From Weiss v. Jewish Hospital, COA, NPO, 3/25/2011
To maintain a negligence action, Weiss must show “(1) a duty on the
part of the defendant; (2) a breach of that duty; and (3) consequent injury.” Mullins v. Commonwealth Life Ins. Co., 839 S.W.2d 245, 247 (Ky. 1992). Whether the defendant owed a duty is a question of law for the court to decide. Id. at 248. In the case at bar, the trial court found Jewish Hospital owed no duty to Weiss and granted summary judgment as a matter of law. We disagree.
The duty a hospital owes to its patients is that “degree of care and skill ordinarily expected of reasonable and prudent hospitals under similar circumstances.” Rogers v. Kasdan, 612 S.W.2d 133, 136 (Ky. 1981). Weiss
argues that this degree of care includes providing fire prevention training to
hospital staff and to anyone who uses operating rooms or to establish some other fire prevention procedure. Jewish Hospital argues that it has no duty to educate medical providers about fire prevention.

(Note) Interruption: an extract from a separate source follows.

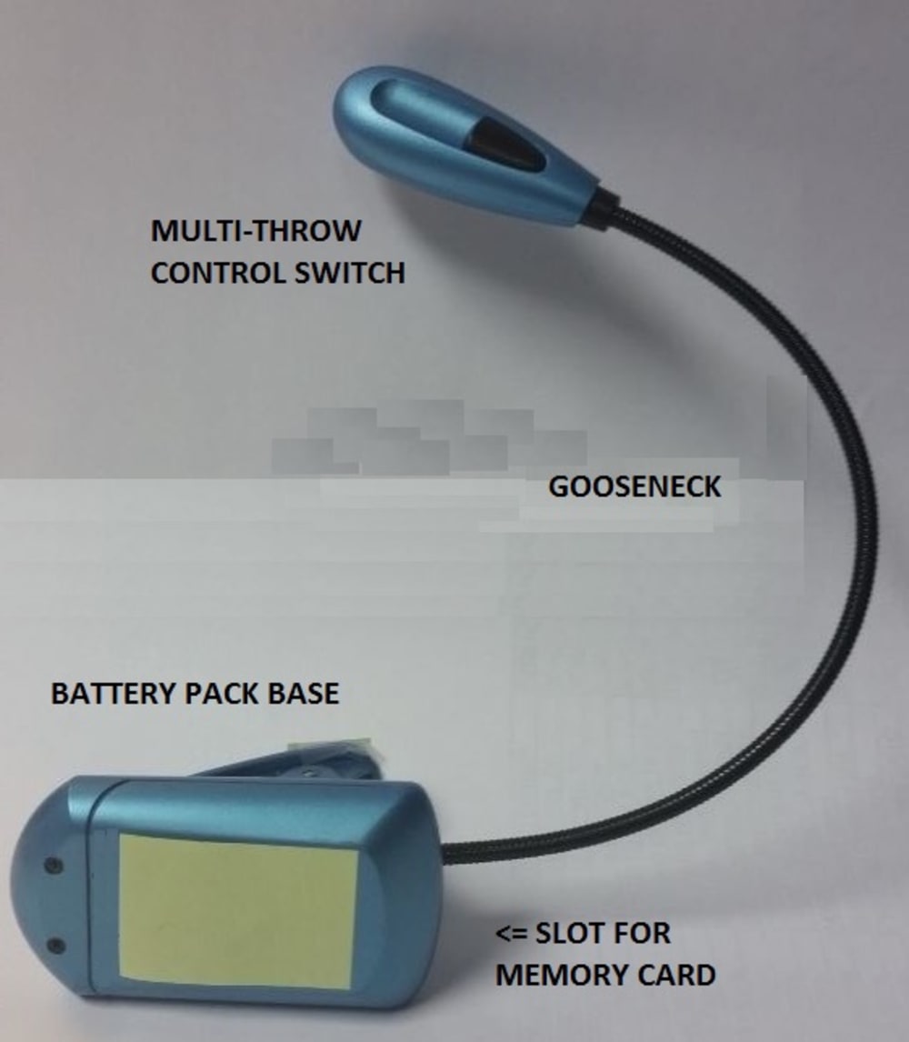 Better-than camera-phone-equivalent microphones are simple to implement (out on the end of the gooseneck), as is the support circuitry to connect to a large capacity flash card. All of the support circuitry should fit onto a single board, which would fit into the base directly above the three triple-A batteries in the battery pack.

We agree with Weiss that Jewish Hospital did have a duty to provide medical personnel with some degree of training or guidance in relation to operating room fires, or at least implement some other procedure or protocol concerning the issue. “The most important factor in determining whether a duty exists is foreseeability.” Pathways, Inc. v. Hammons, 113 S.W.3d 85, 89 (Ky. 2003) (citation omitted). Prior to Weiss’ operation, Jewish Hospital had experienced another operating room fire in which the patient did not survive. Also, in the modern realm of medicine where electronic devices, such as cauterizing instruments, are used in oxygen rich environments, even most lay persons realize there is a risk of fire.
Did Jewish Hospital owe a duty to minimize the risk of operating room fires to Weiss? We answer this question of law in the affirmative. What steps Jewish Hospital should have taken to satisfy this duty and whether that duty was breached are questions for the jury.